Her Mother's Hope
- First edition
- Author: Francine Rivers
- Language: English
- Series: Marta's Legacy Series
- Genre: Novel
- Published: 2010, Tyndale House
- Publication place: United States
- Media type: Print
- Pages: 498
- ISBN: 9781414318639
- OCLC: 436617217
- Followed by: Her Daughter's Dream

= Her Mother's Hope =

Book by Francine Rivers

Her Mother's Hope is a fictional romance novel written by Francine Rivers in 2010. The novel made The New York Times Best Seller list in April 2010.

==Plot==
Her Mother's Hope follows a family as they discover what sacrifices it takes to show unconditional love.
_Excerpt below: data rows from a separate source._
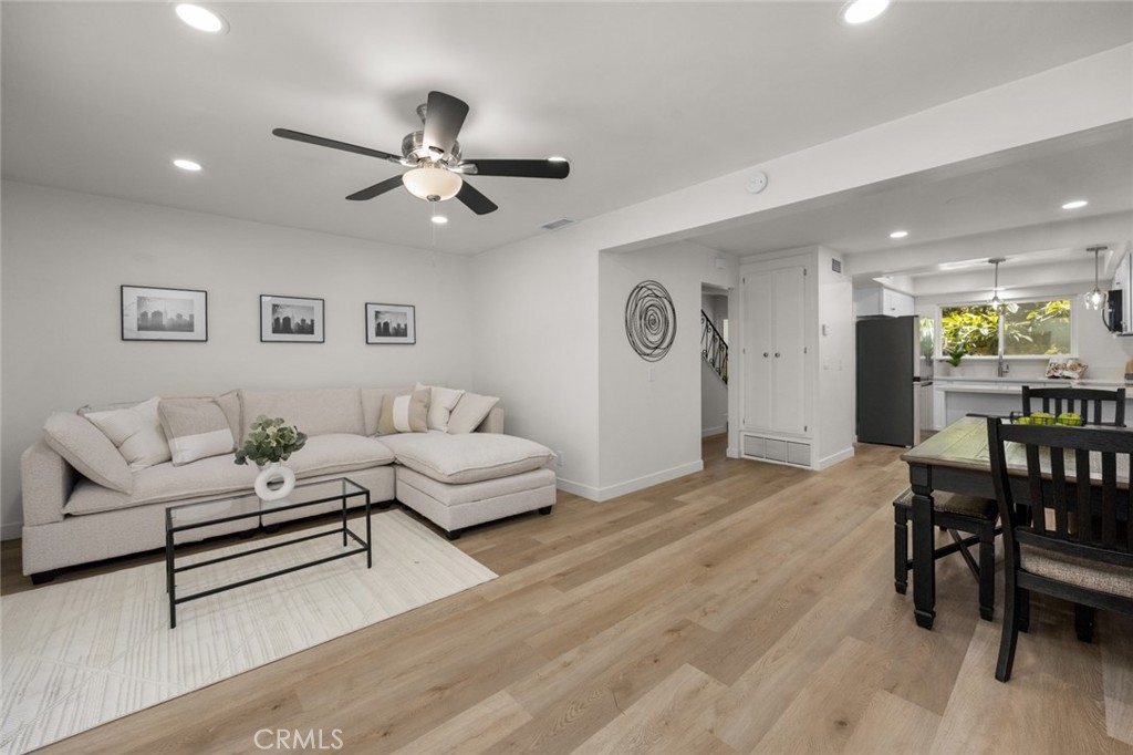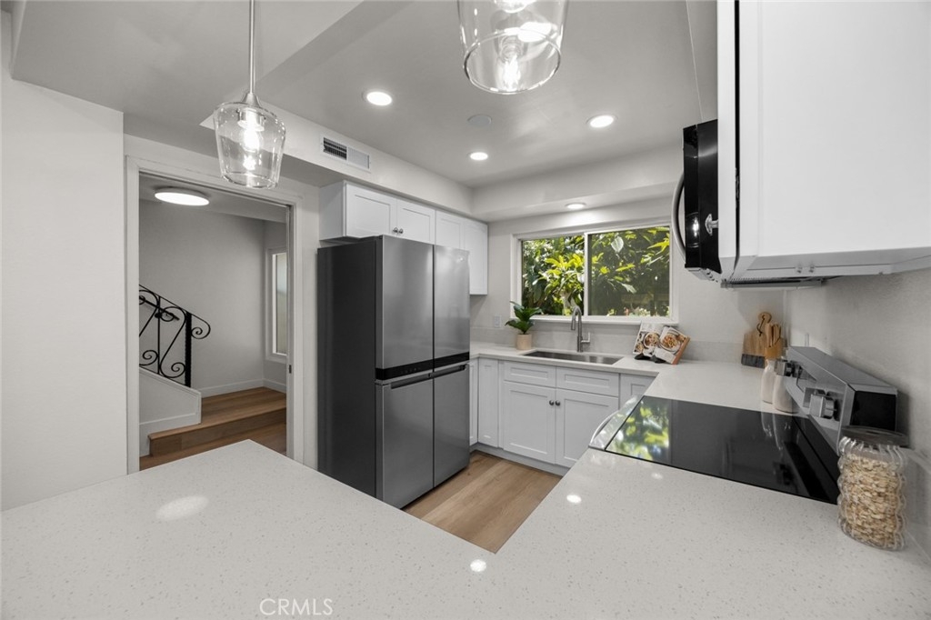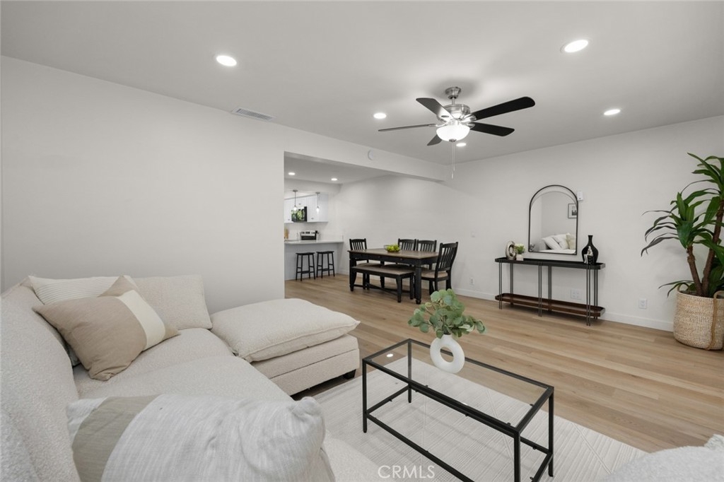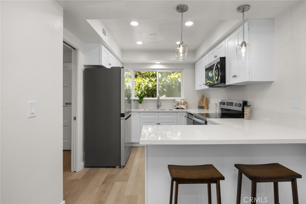 Welcome to this beautifully renovated Condo in the heart of Tustin! This 2-bedroom, 1.5-bath residence has been completely upgraded from top to bottom with no expense spared — everything is brand new, making it truly move-in ready and show like a model. Step inside to a modern open layout featuring new flooring, recessed lighting, new ceiling fans, and all-new fixtures throughout. The fully updated kitchen boasts quartz countertops, brand-new stainless steel appliances including a stove, microwave, dishwasher, and refrigerator, and stylish new cabinetry — perfect for everyday living and entertaining. Enjoy comfort and efficiency with a new central AC system, new dual-pane sliding and front windows, and a brand-new roof (installed by the HOA just one month ago). The bathrooms have been completely redone with a new tub, new shower, and matching quartz countertops for a sleek, consistent look. Step outside to your own private enclosed patio — ideal for entertaining or relaxing in peace. Additional conveniences include one enclosed garage space, an additional parking permit, and access to the community laundry room. The community offers a sparkling pool, lush landscaped grounds, and HOA covered amenities that include trash, sewer, water, and front yard maintenance — providing easy and low-maintenance living. Located in a prime Tustin location, this home is near Frontier Park, The District, Tustin Marketplace, shopping, dining, and entertainment. With easy freeway access, everything you need is right at your fingertips. Don't miss this rare opportunity to own a fully turnkey home in one of Orange County’s most desirable neighborhoods!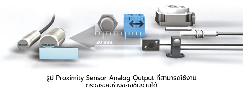 ซึ่ง Inductive Distance Sensor สัญญาณเอาท์พุทที่เป็นแบบอนาล็อก เช่น แรงดัน 0-10VDC. หรือกระแส 4-20mA. โดยจะแปรผันตามระยะห่างของวัตถุกับตัวเซ็นเซอร์ การใช้งานเซ็นเซอร์ประเภทนี้จะนิยมใช้ใน การเฝ้าดูระยะห่างของการเคลื่อนที่ หรือระยะการปั้มชิ้นงาน การล็อคชิ้นงาน หรือการดูความ Balance ของเครื่องจักรต่าง ๆ
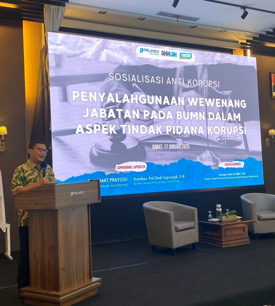 Setelah melaksanakan lomba orasi untuk internalisasi budaya anti korupsi pada peringatan Hari Anti Korupsi Sedunia pada tanggal 6 Desember 2024 lalu, kali ini PT Pelindo Jasa Maritim (SPJM) menggelar Sosialisasi Anti Tindak Pidana Korupsi (Tipikor), di Makassar, Jumat (17/1/2025).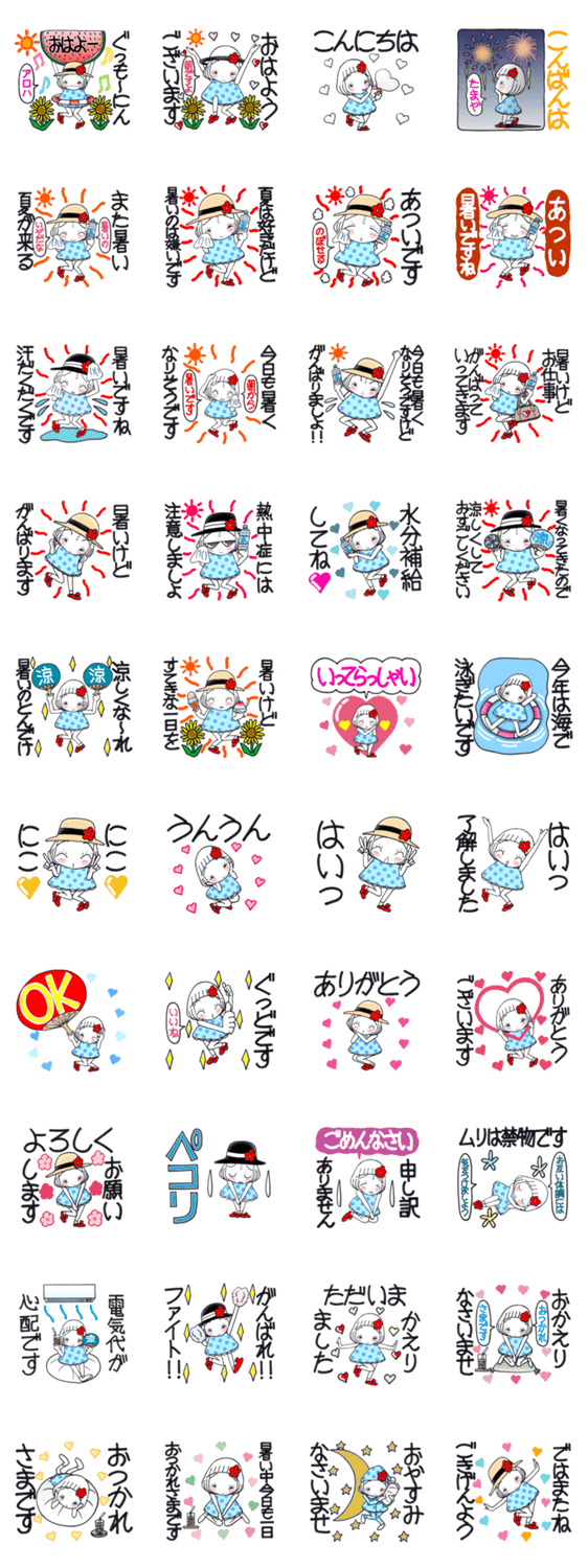 いつも暇をもてあましてるひま子ちゃんの今回は、大人女子の今年も暑い夏が来るスタンプです。よろしくお願いします!

As the first in a family saga, the story begins with Marta Schneider as she leaves Switzerland and embarks upon a journey that will forever change the course of her family's history. As she suffers wars and hardships, she is determined to have her way until she has kids of her own. Her stubbornness gives her strength to raise strong children. But Hildemara, her oldest daughter, misinterprets this strength for distance. As World War II approaches, Hildie forges her own path to win her mother's respect. But when an illness overtakes her, will her own daughter misinterpret her love as distance as well? This explored further in the book's 2010 sequel, 'Her Daughter's Dream' which carries the family saga from the 1950s to the present day.